Culture media was removed from wells containing tissue sections on insets. Tissue sections were fixed using 1 ml of 4% paraformaldehyde (PFA) per well for 1 h, followed by incubation in 20% methanol for 5 min. Permeabilization was carried out using 1% Triton (X-100, MilliporeSigma, St. Louis, MO, USA) overnight at 4 °C and further blocked using 20% BSA for 4 h.

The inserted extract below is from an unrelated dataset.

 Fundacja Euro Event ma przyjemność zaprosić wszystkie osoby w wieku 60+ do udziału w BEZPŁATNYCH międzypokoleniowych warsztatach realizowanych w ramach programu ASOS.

The permeabilized and blocked sections were then labeled using primary antibodies in 5% BSA-PBS incubated overnight at 4 °C. Washed sections were labeled with secondary antibodies conjugated with Alexa 405, 488, 555, or 568 for 3 h at RT. Finally, sections were mounted on glass slides using DAPI fluoromount (0100-20, Southern Biotech, AL, USA), as previously described19.

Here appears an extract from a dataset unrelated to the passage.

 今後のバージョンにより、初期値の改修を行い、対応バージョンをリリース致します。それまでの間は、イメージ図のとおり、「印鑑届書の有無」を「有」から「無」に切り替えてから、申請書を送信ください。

Human organotypic tissue culture

Human neocortical tissue cultures were prepared as recently described19,37,72. In brief, damaged tissue was dissected away from the tissue block in a preparation medium containing Hibernate medium supplemented with 13 mM Glucose and 30 mM NMDG. About 300-μm-thick coronal tissue sections were generated using a vibratome (VT1200, Leica Biosystems, Germany) and incubated in preparation medium for 10 min before plating. Three to four sections were gathered per insert, the transfer of which was facilitated by a fire-polished wide mouth glass pipette. Tissue sections were cultured in a growth medium containing Neurobasal (l-Glutamine) supplemented with 2% serum-free B-27, 2% Anti-Anti, 10 mM Glucose, 1 mM MgSO4, and 1 mM Glutamax, at 5% CO2 and 37 °C. Culture medium was replaced 24 h post-plating, and every 48 h thereafter.

Chemical depletion of microglia from tissue cultures

Selective depletion of the myeloid cell compartment of human neocortical sections was performed by supplementing the growth medium with 50 µM of Clodronate (D4434, MilliporeSigma, St. Louis, MO, USA) for 24 h and 11 µM for the next 48 h.

Tumor/T-cell inoculation into tissue cultures

ZsGreen tagged BTSC#233 cell lines were cultured as previously described by us37,72. Post trypsinization, a centrifugation step was performed, following which the cells were harvested and suspended in MEM media at a concentration of 20,000 cells/µl. inoculate Cultured tissue sections were inoculated with 1 µl of tumor cells using a 10 µl Hamilton syringe, and further cultured as required. Matched peripheral blood samples were collected from the cortical tissue donors. Peripheral T-cells were isolated using the same MACSxpress® Whole Blood Pan T-Cell Isolation Kit (Miltenyi Biotech, Bergisch-Gladbach, Germany) and erythrocytes were eliminated from the suspension using ACK-lysis buffer (Thermo Fisher Scientific, Carlsbad, USA). T-cells were then fluorescently tagged using the CellTraceTM Far Red Cell Proliferation kit (C34564, Thermo Fisher Scientific, Carlsbad, USA) prior to inoculation. Endogenous IL-10 receptor expressed on T-cells were blocked using anti-IL10 neutralizing antibody (ab34843, Abcam, Cambridge, UK) at a concentration of 5 µg/ml for 1 h at 37 °C. Both naïve and neutralized T-cells (40,000 cells/µl) were inoculated into tissue sections and cultured for 48 h.

Cytokine quantification

A multi-analyte enzyme-linked immunosorbent assay (ELISA; MEH-003A, Qiagen, Venlo, Netherlands) was used to measure cytokine concentrations of IL2, IL-10, IL-13, and IFN-gamma in the cell culture medium 48 h after T-cell inoculation. Absorbance was determined using a multimode plate reader (Tecan Infinite® 200, Tecan, Männedorf, Switzerland).

Treatment of patients with JAK-inhibitor

A patient with a recurrent glioblastoma was treated with a daily dose of 40 mg Ruxolitinib for 4 weeks as neoadjuvant therapy. Pretreatment, tumor progress was confirmed by biopsy. After 4 weeks, the patient underwent a resective surgery along with adjuvant Temozolomide therapy.

Reporting Summary

Further information on research design is available in the Nature Research Reporting Summary linked to this article.